LUVAS

Natal de luvas. Por José Paulo Cavalcanti Filho

NATAL DE LUVAS

JOSÉ PAULO CAVALCANTI FILHO

Certa vez, ao dar um par de luvas, disse-lhe um velho: – “Não posso aceitar. Nunca ninguém me deu nada. O que você quer de mim?”. Greenberg queria só um aperto de mãos. E insistiu até quando, 15 minutos depois, o homem aceitou…

Luvas

 Natal é tempo de contar histórias. Como esta, de Meyer Michael Greenberg. Um homem simples que trabalhou na Revlon (Nova Iorque) até se aposentar, em 1990. Não era rico.

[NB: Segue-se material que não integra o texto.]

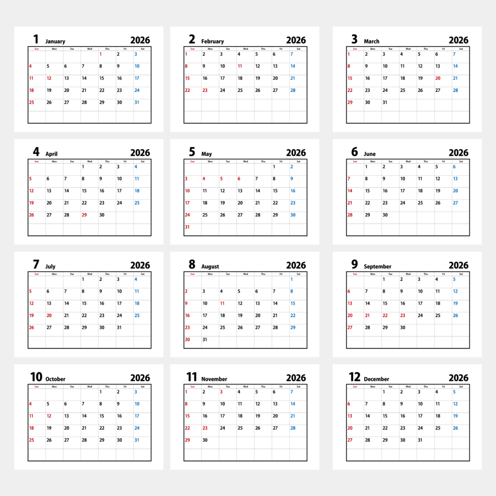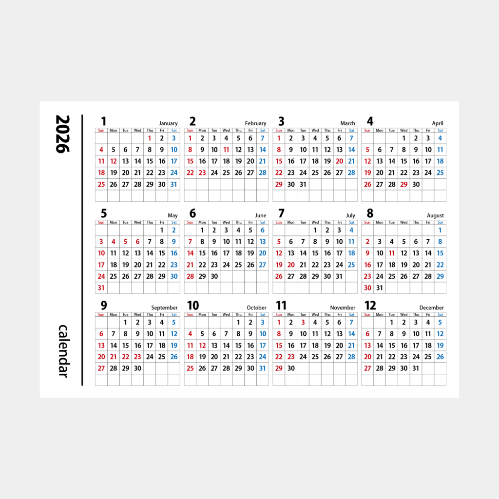 | [無料]始まりは日曜日。2026年シンプルA4横カレンダー(日曜始まり・1枚完結)No.2026-090 |
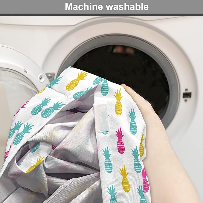Lunarable Yellow Pineapple Dog Crate Cover, Rhythmic Ananas Fruits in Colorful Design Summer Tropical Concept, Easy to Use Pet Kennel Cover for Medium Large Dogs, 42 Inch, Turquoise Hot Pink

Nem tinha prestígio no mundo social da cidade. Mas ficou famoso por algo que fazia, sempre, no inverno congelante da cidade. Ele distribuía luvas de lã. Ao morrer, Greenberg mereceu generoso obituário no New York Times, escrito por Lawrence Van Gelder. E acabou mais famoso que (quase) todos os milionários da Wall Street. Prova de ter razão, Matinas Suzuki (O Livro das Vidas), ao dizer que “é mais negócio ter um bom obituário no NY Times do que ir para o céu”.

Certa vez, ao dar um par de luvas, disse-lhe um velho: – “Não posso aceitar. Nunca ninguém me deu nada. O que você quer de mim?”. Greenberg queria só um aperto de mãos. E insistiu até quando, 15 minutos depois, o homem aceitou. Ainda jovem, foi figurante da Metropolitan Opera. E admirava o primeiro tenor, que brilhava, enquanto ele ficava nos fundos, segurando uma lança. Mais tarde o reconheceu, esmolando na rua. E lhe deu um par de luvas que o antigo parceiro agradeceu, comovido. Sem a menor ideia de que, no passado, estiveram juntos num palco. Ele, como estrela. Greenberg, como ninguém.

Um repórter, certa vez, acompanhou suas andanças. E perguntou se sabia quanto custava cada par. – “Sei. Custa um aperto de mão” – “O senhor é rico?”. – “Sim, claro”. – “E a quanto monta sua fortuna?” – “O senhor não está entendendo. Minha riqueza não está no dinheiro. Mas em trazer alegria para quem precisa”. Greenberg sabia que poderia entregar luvas em abrigos, que as distribuiriam. Mas escolheu fazer isso ele mesmo. E ia procurando, nas ruas, quem mais precisasse. – “Prefiro aqueles que evitam o olhar. Não é tanto a luva, mas dizer para as pessoas que elas importam”. No fim da vida, repetia sempre uma frase que seu pai vivia dizendo, – “Nunca se prive da alegria de doar”.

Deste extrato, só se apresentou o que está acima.